Assignment:
Repeat the listing exactly. The images do not belong in the copy.

Collected data:
○ ○ ○ ○
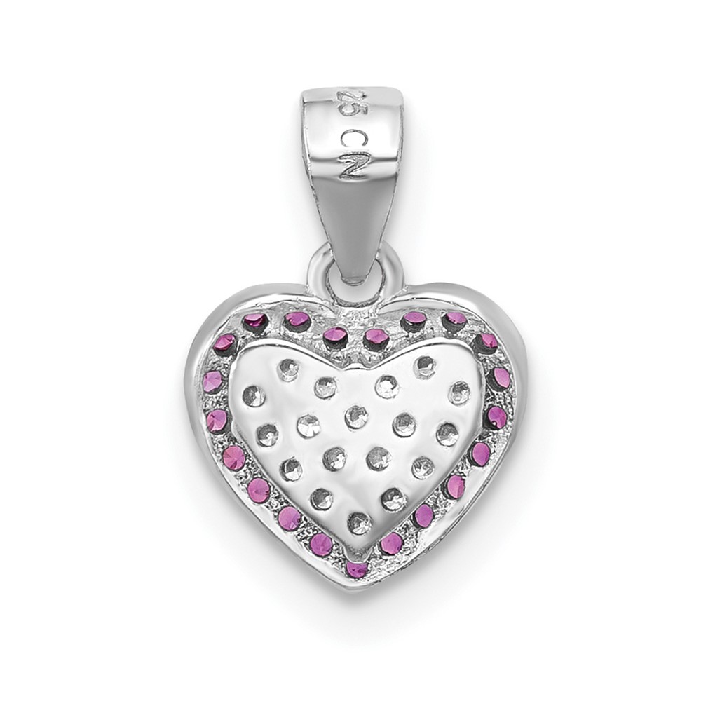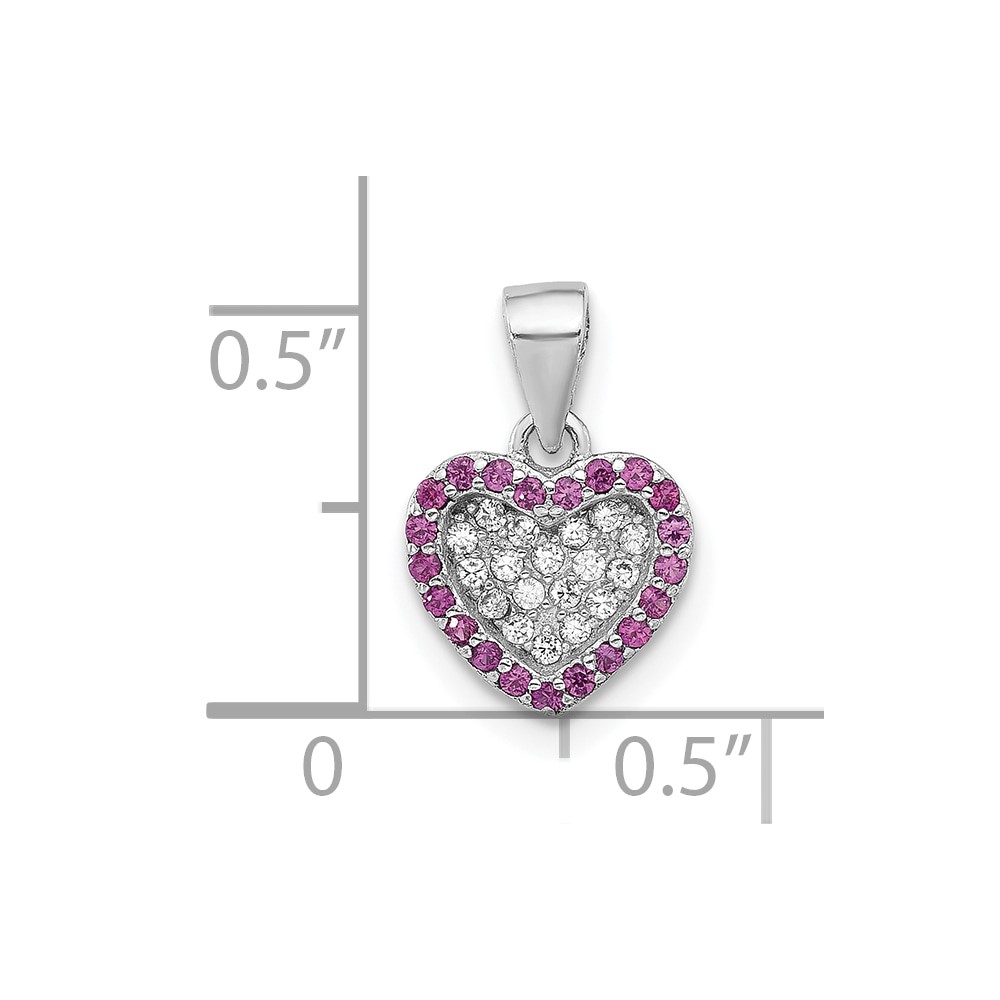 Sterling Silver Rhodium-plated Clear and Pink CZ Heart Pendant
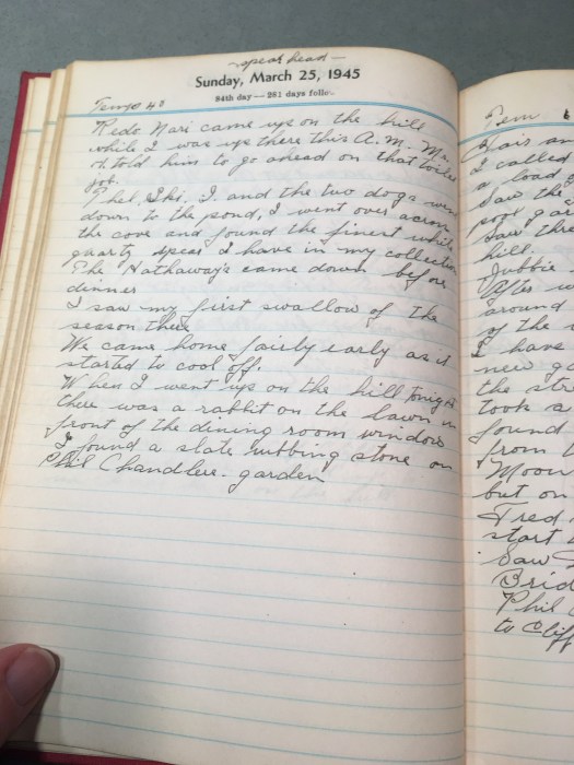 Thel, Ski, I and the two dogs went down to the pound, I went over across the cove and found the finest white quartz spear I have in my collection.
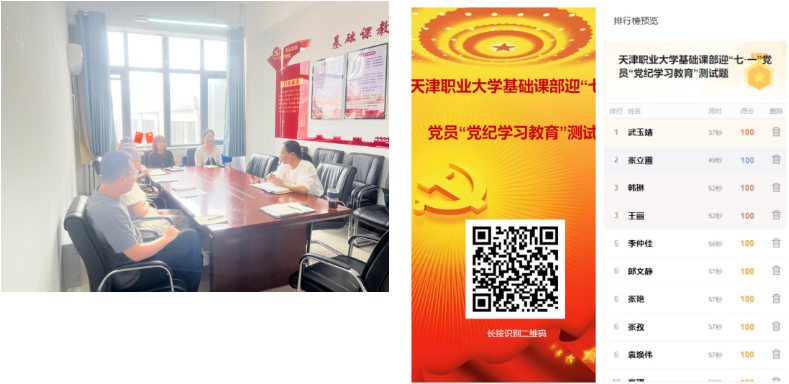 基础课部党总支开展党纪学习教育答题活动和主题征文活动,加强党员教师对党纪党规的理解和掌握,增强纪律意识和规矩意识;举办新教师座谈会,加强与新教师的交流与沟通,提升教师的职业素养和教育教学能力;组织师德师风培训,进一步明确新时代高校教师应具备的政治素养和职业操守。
○ ○ ○ ○
Result:
 Sterling Silver Rhodium-plated Clear and Pink CZ Heart Pendant
 Thel, Ski, I and the two dogs went down to the pound, I went over across the cove and found the finest white quartz spear I have in my collection.
 基础课部党总支开展党纪学习教育答题活动和主题征文活动,加强党员教师对党纪党规的理解和掌握,增强纪律意识和规矩意识;举办新教师座谈会,加强与新教师的交流与沟通,提升教师的职业素养和教育教学能力;组织师德师风培训,进一步明确新时代高校教师应具备的政治素养和职业操守。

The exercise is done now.